ABOUT THIS TASK: Could the data below be copied exactly, minus the pictures?

INPUT DATA:

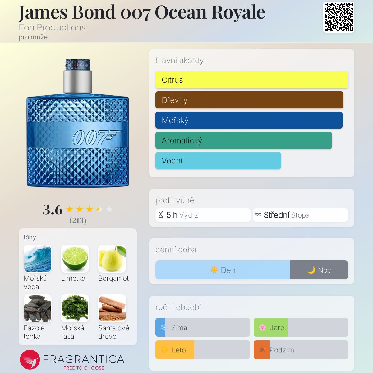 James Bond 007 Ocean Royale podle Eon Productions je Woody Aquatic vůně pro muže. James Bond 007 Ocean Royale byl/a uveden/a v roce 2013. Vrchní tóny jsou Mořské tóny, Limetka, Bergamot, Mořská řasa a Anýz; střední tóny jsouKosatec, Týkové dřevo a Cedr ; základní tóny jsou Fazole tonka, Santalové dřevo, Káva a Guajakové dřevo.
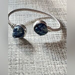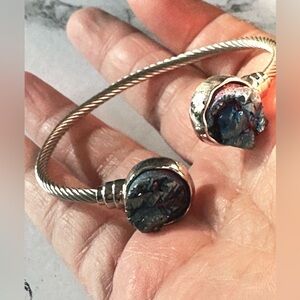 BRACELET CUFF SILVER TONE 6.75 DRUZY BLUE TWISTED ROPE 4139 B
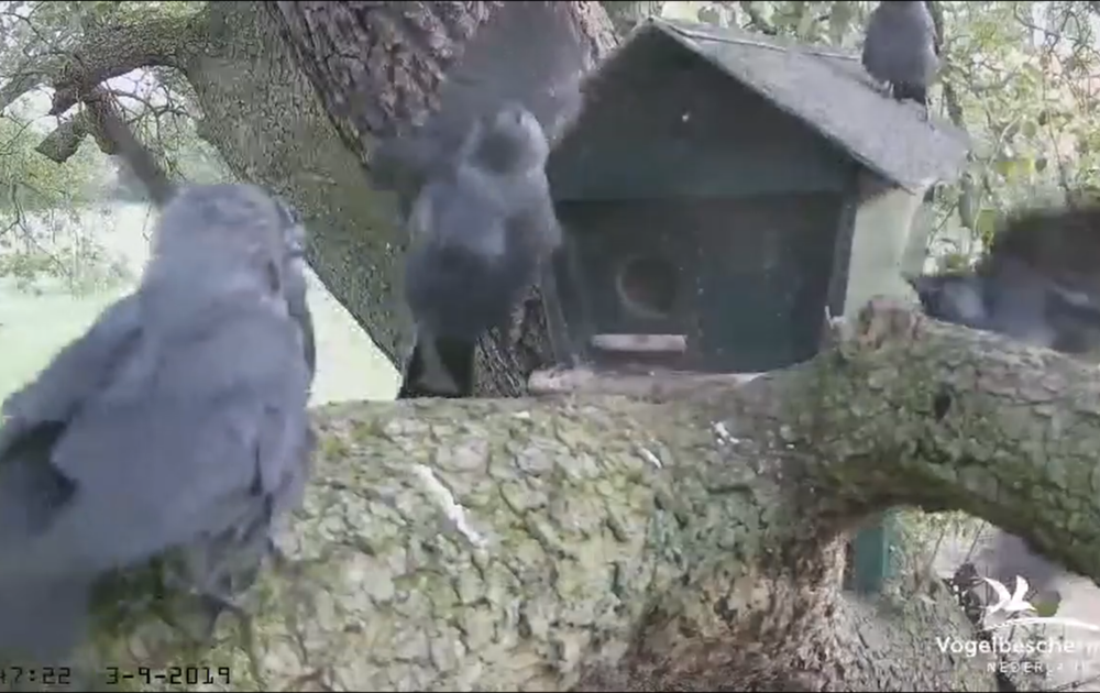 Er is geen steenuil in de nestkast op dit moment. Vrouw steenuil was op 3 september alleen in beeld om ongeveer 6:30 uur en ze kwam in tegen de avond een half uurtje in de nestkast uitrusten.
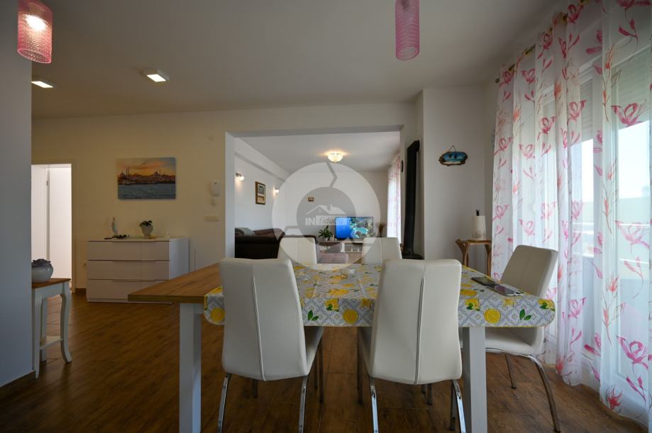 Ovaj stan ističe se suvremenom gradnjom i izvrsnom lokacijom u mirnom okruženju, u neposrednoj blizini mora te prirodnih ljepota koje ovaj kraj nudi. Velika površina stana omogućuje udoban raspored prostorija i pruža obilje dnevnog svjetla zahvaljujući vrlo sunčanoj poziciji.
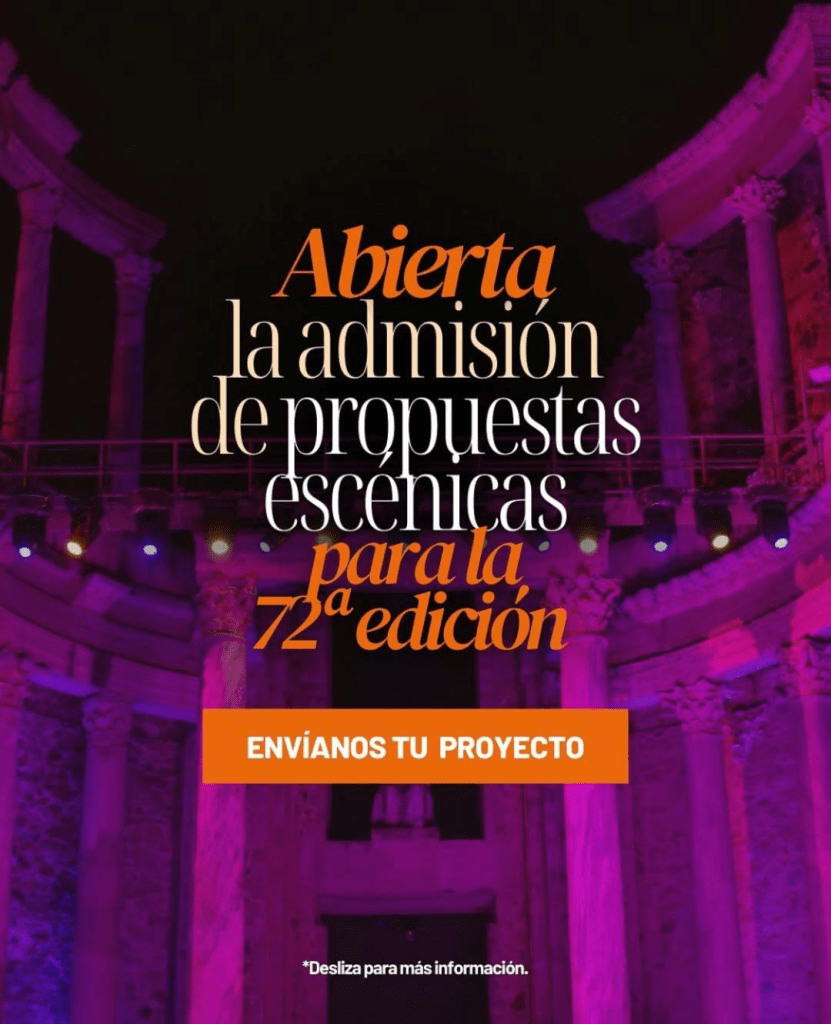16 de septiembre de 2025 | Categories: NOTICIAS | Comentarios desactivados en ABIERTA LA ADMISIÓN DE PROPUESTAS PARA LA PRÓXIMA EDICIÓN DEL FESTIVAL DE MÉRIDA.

OUTPUT BELOW:
 James Bond 007 Ocean Royale podle Eon Productions je Woody Aquatic vůně pro muže. James Bond 007 Ocean Royale byl/a uveden/a v roce 2013. Vrchní tóny jsou Mořské tóny, Limetka, Bergamot, Mořská řasa a Anýz; střední tóny jsouKosatec, Týkové dřevo a Cedr ; základní tóny jsou Fazole tonka, Santalové dřevo, Káva a Guajakové dřevo.
 BRACELET CUFF SILVER TONE 6.75 DRUZY BLUE TWISTED ROPE 4139 B
 Er is geen steenuil in de nestkast op dit moment. Vrouw steenuil was op 3 september alleen in beeld om ongeveer 6:30 uur en ze kwam in tegen de avond een half uurtje in de nestkast uitrusten.
 Ovaj stan ističe se suvremenom gradnjom i izvrsnom lokacijom u mirnom okruženju, u neposrednoj blizini mora te prirodnih ljepota koje ovaj kraj nudi. Velika površina stana omogućuje udoban raspored prostorija i pruža obilje dnevnog svjetla zahvaljujući vrlo sunčanoj poziciji.
16 de septiembre de 2025 | Categories: NOTICIAS | Comentarios desactivados en ABIERTA LA ADMISIÓN DE PROPUESTAS PARA LA PRÓXIMA EDICIÓN DEL FESTIVAL DE MÉRIDA.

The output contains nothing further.